Task details:
Report every line below that holds the word "avec".

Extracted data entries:
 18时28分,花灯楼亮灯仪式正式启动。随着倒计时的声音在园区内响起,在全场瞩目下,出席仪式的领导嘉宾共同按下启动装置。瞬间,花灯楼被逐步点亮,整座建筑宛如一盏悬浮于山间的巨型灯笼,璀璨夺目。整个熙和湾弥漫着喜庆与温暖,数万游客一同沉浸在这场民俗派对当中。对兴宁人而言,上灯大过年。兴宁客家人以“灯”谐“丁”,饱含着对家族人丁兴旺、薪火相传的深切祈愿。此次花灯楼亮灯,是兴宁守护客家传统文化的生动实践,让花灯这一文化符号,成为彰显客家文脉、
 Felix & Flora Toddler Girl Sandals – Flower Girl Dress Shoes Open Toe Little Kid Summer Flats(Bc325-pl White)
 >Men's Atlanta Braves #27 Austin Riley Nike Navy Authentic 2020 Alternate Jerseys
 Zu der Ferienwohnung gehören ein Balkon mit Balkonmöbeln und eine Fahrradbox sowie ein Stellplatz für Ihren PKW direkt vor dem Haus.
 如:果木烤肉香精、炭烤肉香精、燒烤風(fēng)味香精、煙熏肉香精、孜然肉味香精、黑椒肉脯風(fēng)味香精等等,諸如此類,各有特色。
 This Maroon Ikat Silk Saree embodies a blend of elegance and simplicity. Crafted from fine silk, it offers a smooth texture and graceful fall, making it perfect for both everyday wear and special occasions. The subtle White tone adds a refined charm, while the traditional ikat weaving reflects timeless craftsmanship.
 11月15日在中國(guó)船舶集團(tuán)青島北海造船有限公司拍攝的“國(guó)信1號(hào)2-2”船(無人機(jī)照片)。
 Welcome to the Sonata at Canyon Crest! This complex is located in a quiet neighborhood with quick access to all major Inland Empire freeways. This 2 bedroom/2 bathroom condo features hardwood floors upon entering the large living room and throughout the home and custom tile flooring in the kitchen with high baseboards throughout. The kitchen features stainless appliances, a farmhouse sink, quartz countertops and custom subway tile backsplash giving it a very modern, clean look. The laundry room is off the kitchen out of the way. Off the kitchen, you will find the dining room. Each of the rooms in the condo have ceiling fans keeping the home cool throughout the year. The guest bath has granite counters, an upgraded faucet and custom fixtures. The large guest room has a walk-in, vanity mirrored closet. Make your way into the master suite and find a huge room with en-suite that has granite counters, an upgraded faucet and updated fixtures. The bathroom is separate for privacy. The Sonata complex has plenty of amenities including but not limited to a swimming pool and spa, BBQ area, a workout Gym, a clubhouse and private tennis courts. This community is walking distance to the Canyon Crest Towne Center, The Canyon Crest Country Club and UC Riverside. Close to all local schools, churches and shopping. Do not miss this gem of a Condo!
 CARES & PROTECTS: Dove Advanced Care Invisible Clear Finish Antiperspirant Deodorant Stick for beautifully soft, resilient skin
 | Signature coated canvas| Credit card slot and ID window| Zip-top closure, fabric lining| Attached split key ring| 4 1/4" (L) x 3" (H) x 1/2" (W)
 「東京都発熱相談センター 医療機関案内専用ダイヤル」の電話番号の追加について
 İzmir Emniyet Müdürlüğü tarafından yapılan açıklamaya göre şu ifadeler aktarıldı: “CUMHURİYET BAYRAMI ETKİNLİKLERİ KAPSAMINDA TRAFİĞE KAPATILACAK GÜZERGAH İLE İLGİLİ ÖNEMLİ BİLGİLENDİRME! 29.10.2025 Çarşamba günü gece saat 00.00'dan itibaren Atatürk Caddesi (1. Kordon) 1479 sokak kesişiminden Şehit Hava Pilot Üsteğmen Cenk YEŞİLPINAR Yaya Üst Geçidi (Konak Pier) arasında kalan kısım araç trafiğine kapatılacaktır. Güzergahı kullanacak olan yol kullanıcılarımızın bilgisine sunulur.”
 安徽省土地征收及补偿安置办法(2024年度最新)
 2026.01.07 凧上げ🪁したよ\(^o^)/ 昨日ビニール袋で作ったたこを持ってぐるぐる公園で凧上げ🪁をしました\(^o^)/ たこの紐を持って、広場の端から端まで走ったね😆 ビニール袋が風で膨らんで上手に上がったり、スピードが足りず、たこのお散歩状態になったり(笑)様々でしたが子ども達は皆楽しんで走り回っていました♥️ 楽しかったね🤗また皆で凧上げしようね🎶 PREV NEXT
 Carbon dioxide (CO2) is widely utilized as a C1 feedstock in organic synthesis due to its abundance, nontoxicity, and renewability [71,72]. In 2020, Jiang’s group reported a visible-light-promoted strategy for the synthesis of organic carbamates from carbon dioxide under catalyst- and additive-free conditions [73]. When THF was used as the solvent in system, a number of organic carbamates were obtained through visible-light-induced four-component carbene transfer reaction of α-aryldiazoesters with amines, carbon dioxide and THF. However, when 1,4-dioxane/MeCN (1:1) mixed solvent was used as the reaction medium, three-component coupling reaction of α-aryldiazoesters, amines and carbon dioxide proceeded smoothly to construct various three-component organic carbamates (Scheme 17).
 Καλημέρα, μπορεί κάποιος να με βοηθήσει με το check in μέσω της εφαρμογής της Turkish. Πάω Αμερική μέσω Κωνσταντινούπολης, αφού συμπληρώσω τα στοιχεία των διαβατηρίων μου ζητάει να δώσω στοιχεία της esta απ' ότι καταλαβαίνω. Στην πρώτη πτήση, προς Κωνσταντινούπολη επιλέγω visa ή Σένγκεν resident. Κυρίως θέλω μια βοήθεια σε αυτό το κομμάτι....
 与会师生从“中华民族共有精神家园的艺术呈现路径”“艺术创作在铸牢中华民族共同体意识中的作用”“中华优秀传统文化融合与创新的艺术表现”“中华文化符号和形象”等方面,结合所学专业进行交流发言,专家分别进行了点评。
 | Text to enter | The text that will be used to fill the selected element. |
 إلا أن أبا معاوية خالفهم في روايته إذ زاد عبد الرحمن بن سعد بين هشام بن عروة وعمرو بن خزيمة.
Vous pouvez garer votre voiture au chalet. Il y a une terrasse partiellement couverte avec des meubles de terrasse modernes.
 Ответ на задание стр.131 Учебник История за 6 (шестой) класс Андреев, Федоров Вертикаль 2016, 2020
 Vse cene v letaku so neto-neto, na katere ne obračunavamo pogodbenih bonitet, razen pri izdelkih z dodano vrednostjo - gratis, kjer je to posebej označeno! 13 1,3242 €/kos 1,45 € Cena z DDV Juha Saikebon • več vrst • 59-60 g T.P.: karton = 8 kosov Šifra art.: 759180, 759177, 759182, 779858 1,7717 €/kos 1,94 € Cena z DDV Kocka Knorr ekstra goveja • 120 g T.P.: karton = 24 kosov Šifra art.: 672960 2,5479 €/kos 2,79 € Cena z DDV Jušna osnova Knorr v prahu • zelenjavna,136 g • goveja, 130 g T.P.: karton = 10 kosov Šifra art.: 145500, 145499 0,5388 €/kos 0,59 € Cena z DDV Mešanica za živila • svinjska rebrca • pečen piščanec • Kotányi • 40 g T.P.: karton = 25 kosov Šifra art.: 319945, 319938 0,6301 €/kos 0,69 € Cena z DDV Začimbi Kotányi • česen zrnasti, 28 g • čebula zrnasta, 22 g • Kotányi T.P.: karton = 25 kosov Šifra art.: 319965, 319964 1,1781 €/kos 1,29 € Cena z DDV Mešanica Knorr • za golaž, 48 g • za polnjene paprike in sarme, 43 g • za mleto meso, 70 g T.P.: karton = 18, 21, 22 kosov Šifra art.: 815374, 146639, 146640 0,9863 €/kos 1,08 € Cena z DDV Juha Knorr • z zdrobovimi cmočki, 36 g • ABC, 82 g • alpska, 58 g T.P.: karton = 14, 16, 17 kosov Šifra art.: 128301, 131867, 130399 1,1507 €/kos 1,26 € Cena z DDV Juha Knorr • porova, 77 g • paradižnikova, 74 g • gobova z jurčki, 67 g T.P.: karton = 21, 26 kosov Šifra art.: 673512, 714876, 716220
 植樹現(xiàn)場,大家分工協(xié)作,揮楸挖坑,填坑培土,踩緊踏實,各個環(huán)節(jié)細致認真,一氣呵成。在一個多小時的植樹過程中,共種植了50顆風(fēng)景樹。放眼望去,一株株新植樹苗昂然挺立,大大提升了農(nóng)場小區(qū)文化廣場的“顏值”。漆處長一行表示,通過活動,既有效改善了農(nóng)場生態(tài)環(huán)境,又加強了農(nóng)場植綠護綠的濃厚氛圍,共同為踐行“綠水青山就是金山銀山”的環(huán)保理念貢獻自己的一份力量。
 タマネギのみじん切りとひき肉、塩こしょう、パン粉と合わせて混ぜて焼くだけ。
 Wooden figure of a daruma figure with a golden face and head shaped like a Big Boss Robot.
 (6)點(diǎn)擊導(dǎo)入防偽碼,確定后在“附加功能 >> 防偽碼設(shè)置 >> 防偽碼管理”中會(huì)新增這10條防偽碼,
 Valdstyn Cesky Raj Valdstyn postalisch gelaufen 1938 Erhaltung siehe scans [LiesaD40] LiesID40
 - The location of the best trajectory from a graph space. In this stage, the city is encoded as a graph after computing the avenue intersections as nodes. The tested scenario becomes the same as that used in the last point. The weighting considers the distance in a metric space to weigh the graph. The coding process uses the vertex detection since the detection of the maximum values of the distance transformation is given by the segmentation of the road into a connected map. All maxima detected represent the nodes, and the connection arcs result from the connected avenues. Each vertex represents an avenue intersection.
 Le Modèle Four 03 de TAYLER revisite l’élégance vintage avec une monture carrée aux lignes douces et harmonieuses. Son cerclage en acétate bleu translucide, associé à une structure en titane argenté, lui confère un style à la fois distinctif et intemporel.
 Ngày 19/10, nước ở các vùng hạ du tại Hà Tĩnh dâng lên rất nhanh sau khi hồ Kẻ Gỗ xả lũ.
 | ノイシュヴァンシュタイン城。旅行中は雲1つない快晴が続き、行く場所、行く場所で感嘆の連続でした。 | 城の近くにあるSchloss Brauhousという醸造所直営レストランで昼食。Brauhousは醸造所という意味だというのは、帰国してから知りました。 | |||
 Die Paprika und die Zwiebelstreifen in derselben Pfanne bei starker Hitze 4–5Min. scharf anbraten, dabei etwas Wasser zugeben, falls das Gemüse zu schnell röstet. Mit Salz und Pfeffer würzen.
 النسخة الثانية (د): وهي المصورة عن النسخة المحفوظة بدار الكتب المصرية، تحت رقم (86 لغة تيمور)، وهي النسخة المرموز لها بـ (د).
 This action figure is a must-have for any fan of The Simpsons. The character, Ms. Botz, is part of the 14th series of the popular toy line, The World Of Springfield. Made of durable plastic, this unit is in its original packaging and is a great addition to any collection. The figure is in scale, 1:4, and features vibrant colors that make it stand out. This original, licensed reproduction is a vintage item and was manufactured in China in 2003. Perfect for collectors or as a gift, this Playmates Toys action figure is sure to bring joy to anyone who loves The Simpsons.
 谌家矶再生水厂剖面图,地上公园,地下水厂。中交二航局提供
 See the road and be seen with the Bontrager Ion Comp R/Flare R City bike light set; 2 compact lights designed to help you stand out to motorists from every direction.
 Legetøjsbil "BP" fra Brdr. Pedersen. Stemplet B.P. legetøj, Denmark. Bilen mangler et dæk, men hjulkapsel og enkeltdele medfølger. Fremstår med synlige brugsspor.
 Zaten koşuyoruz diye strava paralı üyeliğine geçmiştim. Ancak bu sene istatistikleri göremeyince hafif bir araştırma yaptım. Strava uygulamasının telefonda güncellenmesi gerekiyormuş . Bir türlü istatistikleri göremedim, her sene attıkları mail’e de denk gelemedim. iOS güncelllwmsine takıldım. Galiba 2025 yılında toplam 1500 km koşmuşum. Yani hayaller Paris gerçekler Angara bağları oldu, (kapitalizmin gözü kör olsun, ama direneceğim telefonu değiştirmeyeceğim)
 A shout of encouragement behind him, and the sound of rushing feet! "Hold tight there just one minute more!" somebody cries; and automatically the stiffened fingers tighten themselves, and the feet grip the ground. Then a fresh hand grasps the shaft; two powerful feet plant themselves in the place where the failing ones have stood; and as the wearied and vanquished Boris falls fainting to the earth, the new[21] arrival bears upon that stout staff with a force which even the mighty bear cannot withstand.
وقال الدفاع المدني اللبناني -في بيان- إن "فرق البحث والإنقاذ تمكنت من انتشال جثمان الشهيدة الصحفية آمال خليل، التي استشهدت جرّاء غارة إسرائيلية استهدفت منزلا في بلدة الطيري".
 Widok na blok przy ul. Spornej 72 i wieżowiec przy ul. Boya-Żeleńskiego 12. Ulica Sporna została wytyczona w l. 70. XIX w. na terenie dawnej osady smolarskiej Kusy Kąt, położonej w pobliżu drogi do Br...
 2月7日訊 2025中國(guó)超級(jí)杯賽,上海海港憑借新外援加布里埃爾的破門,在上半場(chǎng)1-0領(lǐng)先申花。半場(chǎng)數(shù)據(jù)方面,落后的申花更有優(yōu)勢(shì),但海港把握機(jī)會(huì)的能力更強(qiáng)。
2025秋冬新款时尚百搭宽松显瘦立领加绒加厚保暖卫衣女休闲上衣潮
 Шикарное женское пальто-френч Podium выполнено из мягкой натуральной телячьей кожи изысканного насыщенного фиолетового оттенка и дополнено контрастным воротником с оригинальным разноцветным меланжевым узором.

Response:
Vous pouvez garer votre voiture au chalet. Il y a une terrasse partiellement couverte avec des meubles de terrasse modernes.
 Le Modèle Four 03 de TAYLER revisite l’élégance vintage avec une monture carrée aux lignes douces et harmonieuses. Son cerclage en acétate bleu translucide, associé à une structure en titane argenté, lui confère un style à la fois distinctif et intemporel.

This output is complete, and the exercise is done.